This article shows how to use the Linux logger utility to test for UDP connectivity to Cribl Stream.
Issue
Customers commonly run into network connectivity issues when trying to send traffic to their Cribl Stream Workers. The majority of cases can be attributed to one or more of the following:
- Firewall / ACL blocking
- Proxy usage that is not configured or misconfigured
- DNS resolution problems
- Invalid or inaccessible routes
While these are complex enough to diagnose, troubleshooting UDP traffic problems can be even more difficult as it is a connectionless protocol. One aid in troubleshooting is to use a tool like logger to send test traffic to Cribl.
Usage
Make sure your Cribl Worker(s) are online and the syslog source is properly configured. Check that any enabled firewalls and policies on the Worker allow the inbound traffic (not necessary if using Cribl Cloud Workers). Once confirmed, use a test system and send the following command:
logger --udp -n <worker name or host or IP> -P <port> '<Your test message>'
For example, when using Cribl Cloud, our test might look like this to the 'default' group:
logger --udp -n default.main.your-environ-name.cribl.cloud -P 9514 'My test message'
Run a capture on the Worker Group before running the test. If successful, the message should appear in the capture:
When enabling the internal fields option, you should see the __srcIpPort field which includes the protocol and address of the sending system in the event, confirming successful delivery to Cribl.

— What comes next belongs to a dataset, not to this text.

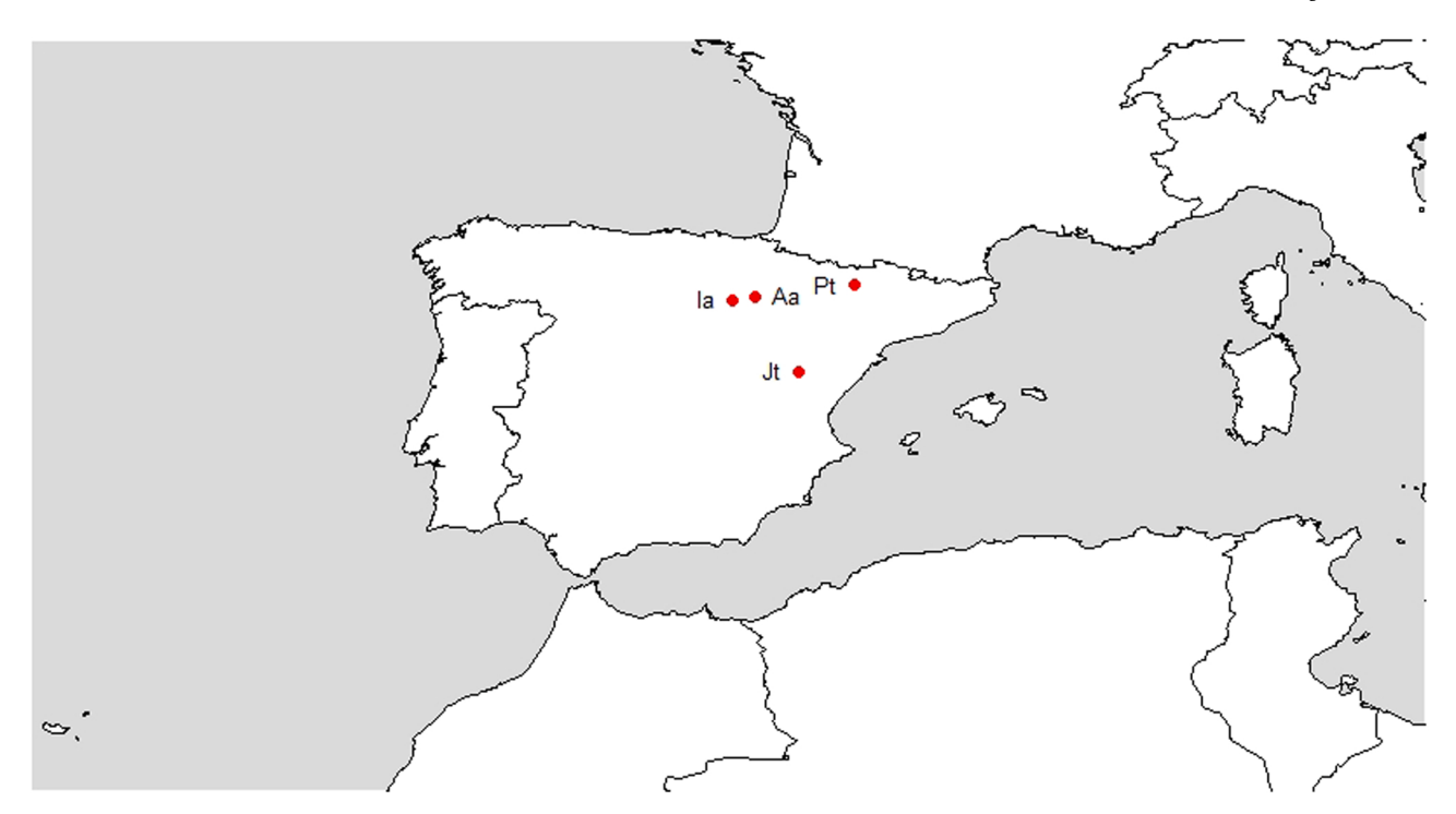
Fig. 1. Geographical distribution of the studied sites in Spain (Aa: Ailanthus altissima, Jt: Juniperus thurifera, Pt: Pistacia terebinthus, Ia: Ilex aquifolium).

To narrow down potential issues, try the test from different sources if possible, such as:
- The Worker itself (if you are managing the Worker) to it's local 127.0.0.1 address
- A system that is on the same network as the problematic source(s)
- A system that is NOT on the same network
Summary
Needing to troubleshooting network issues when sending data to Cribl Stream is fairly common. Use tools like logger to assist with diagnosis and eliminating potential causes.